**** Material provided ****
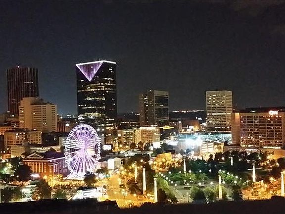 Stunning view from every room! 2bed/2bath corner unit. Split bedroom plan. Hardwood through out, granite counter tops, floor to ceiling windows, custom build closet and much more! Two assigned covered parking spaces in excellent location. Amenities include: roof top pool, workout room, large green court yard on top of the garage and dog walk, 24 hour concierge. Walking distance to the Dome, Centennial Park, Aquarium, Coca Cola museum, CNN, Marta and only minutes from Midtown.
****
**** Material provided ****
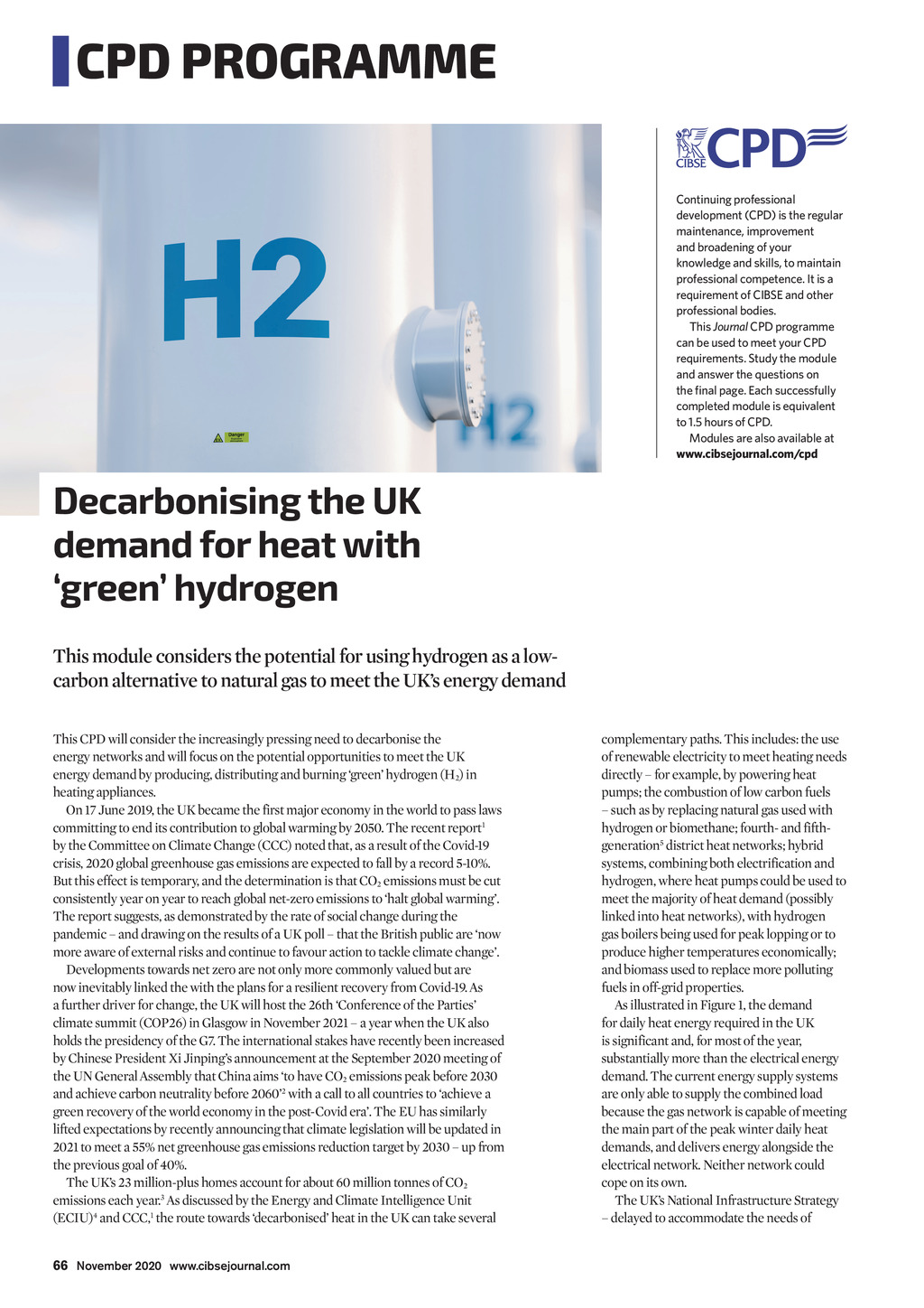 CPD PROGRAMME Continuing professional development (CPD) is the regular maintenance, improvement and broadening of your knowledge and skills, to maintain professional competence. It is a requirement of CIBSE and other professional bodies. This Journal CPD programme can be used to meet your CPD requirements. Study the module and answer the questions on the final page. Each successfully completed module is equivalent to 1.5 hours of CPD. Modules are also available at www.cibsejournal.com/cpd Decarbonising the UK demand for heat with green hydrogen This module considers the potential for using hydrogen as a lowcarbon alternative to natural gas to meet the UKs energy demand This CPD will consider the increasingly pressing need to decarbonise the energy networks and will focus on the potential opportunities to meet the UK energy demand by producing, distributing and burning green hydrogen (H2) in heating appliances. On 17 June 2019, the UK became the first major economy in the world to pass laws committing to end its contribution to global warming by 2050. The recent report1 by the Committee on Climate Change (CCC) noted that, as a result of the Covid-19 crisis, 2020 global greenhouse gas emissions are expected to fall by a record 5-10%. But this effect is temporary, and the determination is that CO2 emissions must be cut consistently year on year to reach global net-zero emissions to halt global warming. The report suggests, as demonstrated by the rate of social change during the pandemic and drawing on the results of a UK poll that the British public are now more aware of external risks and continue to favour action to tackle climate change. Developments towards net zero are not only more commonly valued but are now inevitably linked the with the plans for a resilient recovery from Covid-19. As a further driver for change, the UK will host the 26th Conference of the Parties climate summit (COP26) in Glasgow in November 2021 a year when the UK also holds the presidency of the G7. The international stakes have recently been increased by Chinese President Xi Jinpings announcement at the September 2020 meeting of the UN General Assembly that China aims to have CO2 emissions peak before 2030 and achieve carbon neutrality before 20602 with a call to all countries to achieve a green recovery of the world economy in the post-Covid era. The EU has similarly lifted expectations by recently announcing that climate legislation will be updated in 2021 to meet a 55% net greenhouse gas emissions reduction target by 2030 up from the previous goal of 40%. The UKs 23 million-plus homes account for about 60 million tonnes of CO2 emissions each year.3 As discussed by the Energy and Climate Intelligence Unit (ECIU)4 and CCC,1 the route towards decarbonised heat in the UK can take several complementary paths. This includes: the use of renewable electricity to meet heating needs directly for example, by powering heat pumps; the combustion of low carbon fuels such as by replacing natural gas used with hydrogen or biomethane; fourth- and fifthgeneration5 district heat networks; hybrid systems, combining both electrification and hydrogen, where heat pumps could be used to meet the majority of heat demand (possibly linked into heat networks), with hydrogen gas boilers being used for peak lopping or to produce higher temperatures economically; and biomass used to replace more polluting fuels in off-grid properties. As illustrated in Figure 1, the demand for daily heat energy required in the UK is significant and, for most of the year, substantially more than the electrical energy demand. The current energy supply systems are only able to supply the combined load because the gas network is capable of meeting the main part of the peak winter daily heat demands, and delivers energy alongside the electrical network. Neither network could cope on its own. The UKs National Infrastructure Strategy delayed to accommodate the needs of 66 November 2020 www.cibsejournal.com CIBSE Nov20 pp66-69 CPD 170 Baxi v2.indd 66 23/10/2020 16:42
****
**** Material provided ****
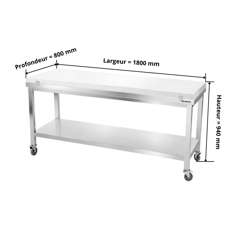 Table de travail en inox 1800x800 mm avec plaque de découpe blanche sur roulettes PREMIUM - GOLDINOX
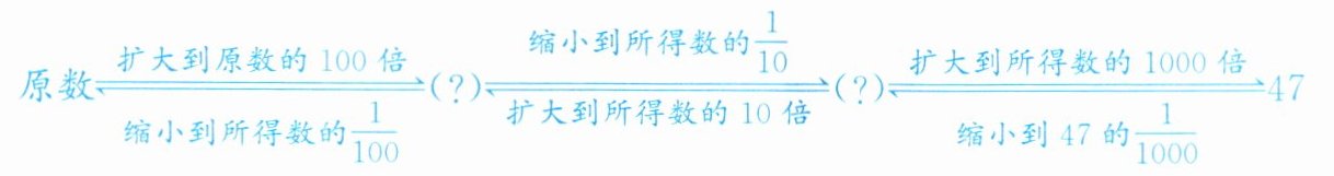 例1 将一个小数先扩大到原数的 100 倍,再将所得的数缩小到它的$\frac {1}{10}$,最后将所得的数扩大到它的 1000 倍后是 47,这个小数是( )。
****
To do
Starting at the line above that contains "Table de travail", transcribe every line exactly through the line that contains "例1 将一个小数先扩大到原数的 100", including that last one, and skip the pictures.

Answer section
 Table de travail en inox 1800x800 mm avec plaque de découpe blanche sur roulettes PREMIUM - GOLDINOX
 例1 将一个小数先扩大到原数的 100 倍,再将所得的数缩小到它的$\frac {1}{10}$,最后将所得的数扩大到它的 1000 倍后是 47,这个小数是( )。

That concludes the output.